Line design
Briviact® (brivaracetam)
GENERICally Speaking

Case Name: UCB, Inc. v. Annora Pharma Priv. Ltd., Civ. No. 20-987-CFC, 2023 WL 5274566 (D. Del. Aug. 16, 2023) (Connolly, J.) 

Drug Product and Patent(s)-in-Suit: Briviact® (brivaracetam); U.S. Patent No. 6,911,461 (“the ’461 patent”)

Nature of the Case and Issue(s) Presented: UCB sued Annora, Apotex, and MSN, alleging that their ANDAs infringe one claim of one patent. The asserted claim described the compound brivaracetam, used to treat partial-onset seizures in epilepsy patients. Defendants did not dispute that they infringe the asserted claim; they mounted a lone obviousness defense. After a bench trial, the court issued findings of facts and conclusions of law finding the asserted claim infringed and not invalid.

Why UCB Prevailed: The court’s analysis began with a simple premise: “[i]t is undisputed that brivaracetam is an analogue of the compound levetiracetam, a predecessor compound patented by UCB in 1987 and approved by the FDA in 1999 for the treatment of epilepsy-related seizures.” The compounds share the same chemical formula in all but one respect: brivaracetam has a propyl group at the 4-position of the pyrrolidine ring. So went Defendants’ obviousness argument: it would have been obvious to a skilled artisan to select levetiracetam as a lead compound from which to develop new anti-seizure drugs and to modify levetiracetam by increasing its lipophilicity with the addition of a propyl group to the 4-position of its pyrrolidine ring.

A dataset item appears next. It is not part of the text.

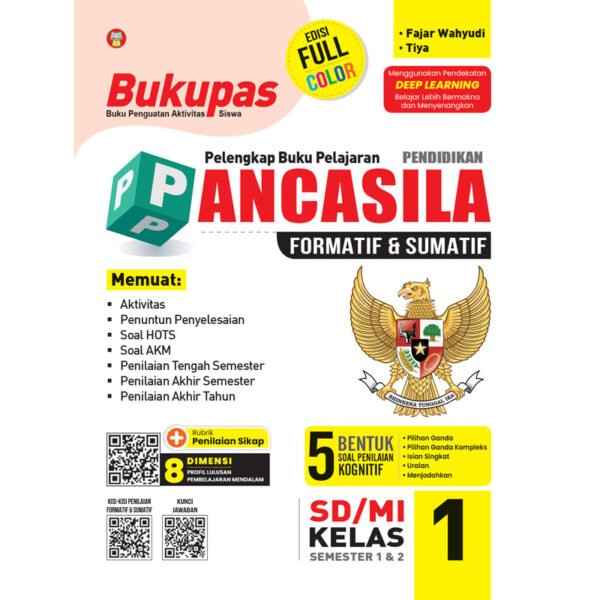 “Bukupas (Buku Penguatan Aktivitas Siswa) Pendidikan Pancasila untuk SD/MI Kelas 1” ini disusun berdasarkan Tujuan Pembelajaran yang akan dicapai siswa setelah mempelajari dan mengerjakan berbagai aktivitas dalam bentuk soal. Buku ini bertujuan sebagai pelengkap buku pelajaran pendidikan pancasila yang digunakan di sekolah dan sumber pengayaan bagi guru untuk kegiatan belajar di sekolah serta memandu orang tua/wali dalam pendampingan pembelajaran di rumah. Pada buku ini disajikan panduan Penilaian Formatif dan Sumatif. Penilaian Formatif merupakan penilaian yang dilakukan oleh guru pada saat proses pembelajaran sedang berlangsung. Sementara itu, Penilaian Sumatif merupakan penilaian yang dilakukan oleh guru pada periode tertentu dan hasil penilaiannya diakumulasi sebagai nilai rapor. Buku ini dilengkapi dengan ringkasan materi dan berbagai aktivitas dalam bentuk soal-soal yang bervariasi, seperti soal reguler, soal HOTS, dan soal AKM. Seluruh soal yang disajikan di dalam buku ini didasarkan pada materi yang telah dirancang sesuai dengan Tujuan Pembelajaran. Melalui berbagai variasi soal ini, diharapkan dapat menjadi acuan siswa untuk lebih siap dalam menghadapi berbagai ujian. Di samping itu, buku ini juga dilengkapi dengan remedial dan pengayaan. Tidak hanya itu, buku ini juga dilengkapi dengan kode QR yang berisi tentang kisi-kisi penilaian formatif dan sumatif serta kunci jawaban. Selamat belajar untuk menggapai cita-cita!

At trial, UCB argued that a skilled artisan would not have started with levetiracetam when looking to develop a new anti-seizure drug. But despite its trial argument, post-trial, UCB stipulated that it would not challenge Defendants’ assertion that a skilled aritsan would have chosen levetiracetam as a lead compound “for further development efforts.” (The court seemed puzzled by the concession.) As a result of UCB’s concession, the court decided only one issue: whether it would have been obvious to modify levetiracetam by increasing its lipophilicity with the addition of a propyl group to the 4‑position of its pyrrolidine ring.

Ultimately, the court determined that Defendants did not carry their burden in proving a reasonable expectation of success in modifying a compound to increase lipophilicity to increase antiepileptic activity. As part of that conclusion, the court found that a skilled artisan would not have been motivated to improve levetiracetam’s brain uptake, because levetiracetam was already a successful central nervous system drug and increasing brain uptake would risk increasing its side effects. Further, a skilled artisan would not have thought to increase levetiracetam’s lipophilicity. And even if a skilled artisan were motivated to focus on lipophilicity, in view of the prior art, Defendants could not show that a skilled artisan would have been motivated to modify levetiracetam at the 4-position of the pyrrolidine ring.